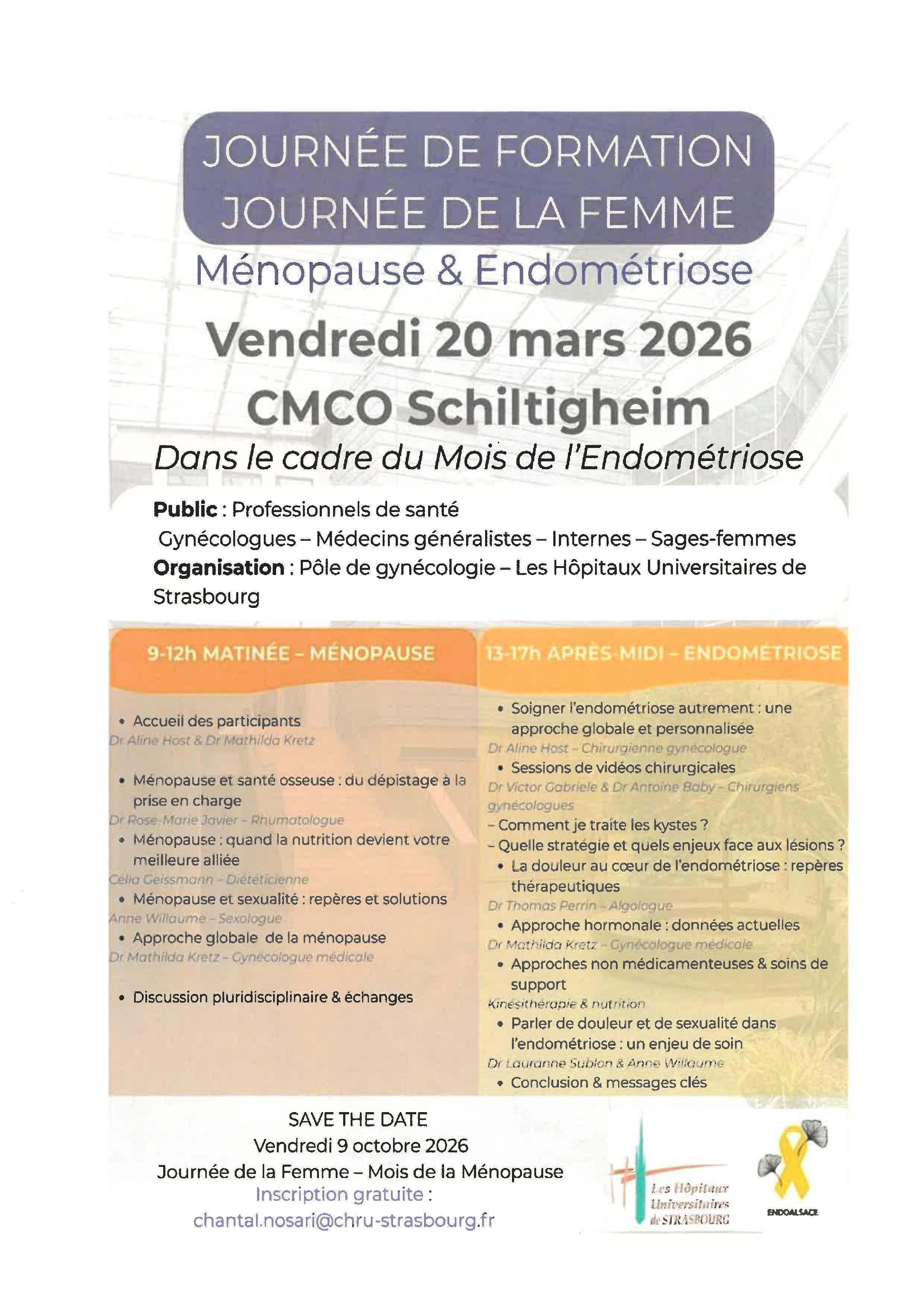 Dans le cadre du Mois de l'Endométriose, le pôle de gynécologie - Les Hôpitaux Universitaires de Strasbourg (Dr Aline Host et Dr Mathilda Kretz) organise une journée de formation à destination des professionnels de santé / Gynécologues - Médecins généralistes - Internes - Sages-femmes sur le thème "Ménopause & endométriose".
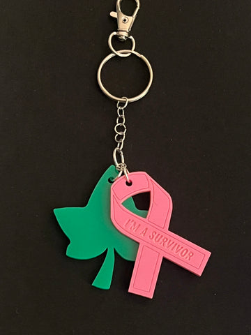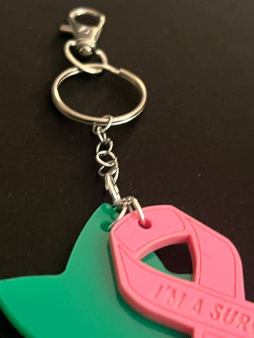 Buy a keychain for yourself or as a gift. The pink ribbons are available plain for those who support the fight to cure cancer or with the engraved words “I AM A SURVIVOR” for those who are still fighting!
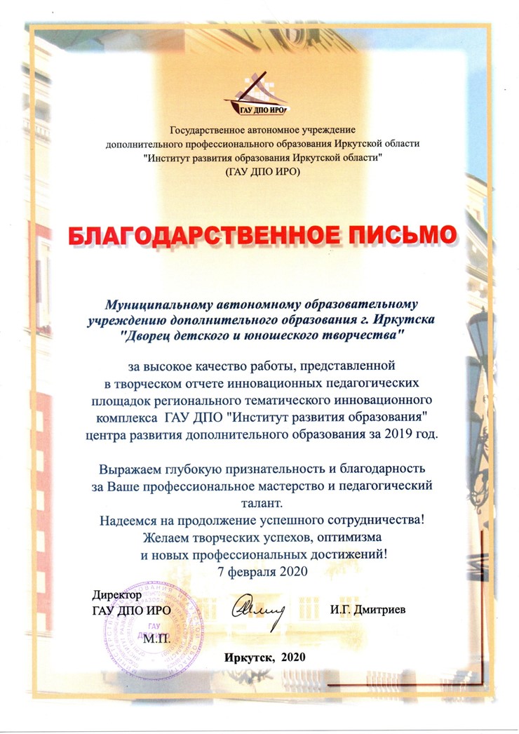 По результатом творческого отчета Дворец творчества был награжден благодарственным письмом за высокое качество работы, а заместитель директора Дворца творчества Татарникова Татьяна Александровна была награждена благодарностью за эффективное взаимодействие с ГАУ ДПО "Институт развития образования" в рамках реализации проектов и мероприятий.
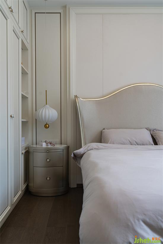白色系兒童房為孩子打造了一個溫暖的童話世界,弧形吊頂增添裝飾性,定制衣柜特意設計了展示區(qū)域,裝下公主的心愛之物,兩邊對稱的吊燈營造著夢境。
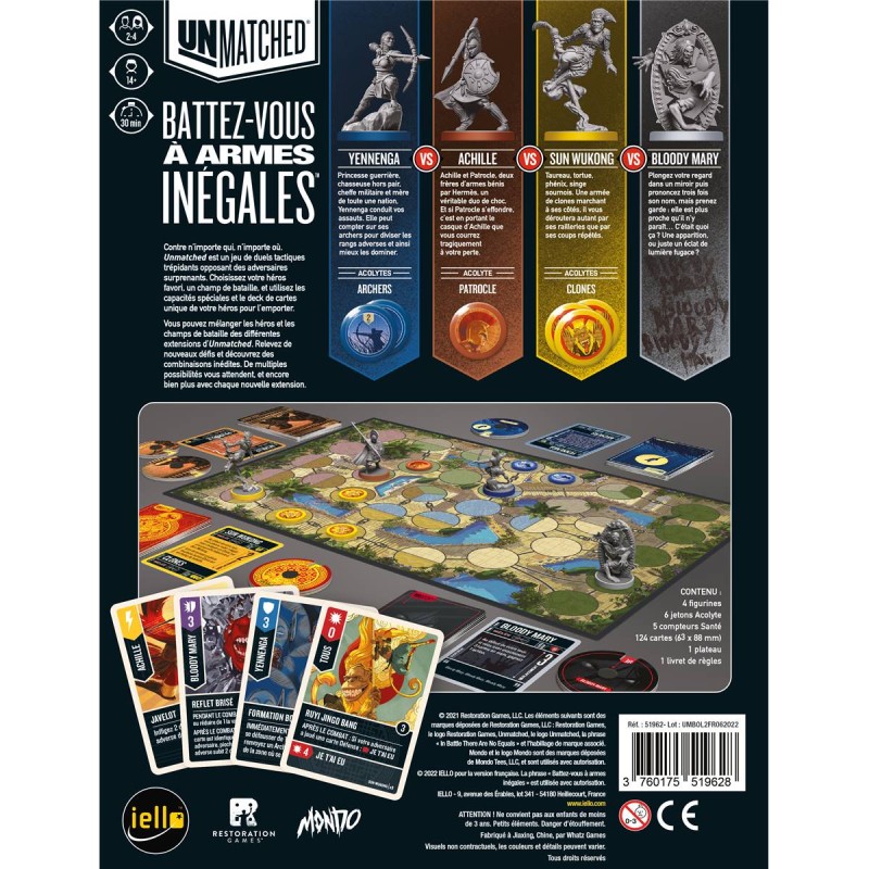 Avec ses quatre personnages emblématiques et son plateau de jeu recto verso, Unmatched propose des sensations de jeu uniques permettant de vivre l’intensité du jeu d’escarmouche sur un format bien plus compact et accessible. Proposant un fun immédiat et permettant de découvrir les capacités des héros au fil des batailles, Unmatched génère des parties ultra intenses et toujours variées.

- [ASSIGNMENT]:
Please copy exactly, and only, the lines from the one that contains "Buy a keychain" through the last line of the data above, omitting all pictures.

- [RESPONSE AREA]:
 Buy a keychain for yourself or as a gift. The pink ribbons are available plain for those who support the fight to cure cancer or with the engraved words “I AM A SURVIVOR” for those who are still fighting!
 По результатом творческого отчета Дворец творчества был награжден благодарственным письмом за высокое качество работы, а заместитель директора Дворца творчества Татарникова Татьяна Александровна была награждена благодарностью за эффективное взаимодействие с ГАУ ДПО "Институт развития образования" в рамках реализации проектов и мероприятий.
白色系兒童房為孩子打造了一個溫暖的童話世界,弧形吊頂增添裝飾性,定制衣柜特意設計了展示區(qū)域,裝下公主的心愛之物,兩邊對稱的吊燈營造著夢境。
 Avec ses quatre personnages emblématiques et son plateau de jeu recto verso, Unmatched propose des sensations de jeu uniques permettant de vivre l’intensité du jeu d’escarmouche sur un format bien plus compact et accessible. Proposant un fun immédiat et permettant de découvrir les capacités des héros au fil des batailles, Unmatched génère des parties ultra intenses et toujours variées.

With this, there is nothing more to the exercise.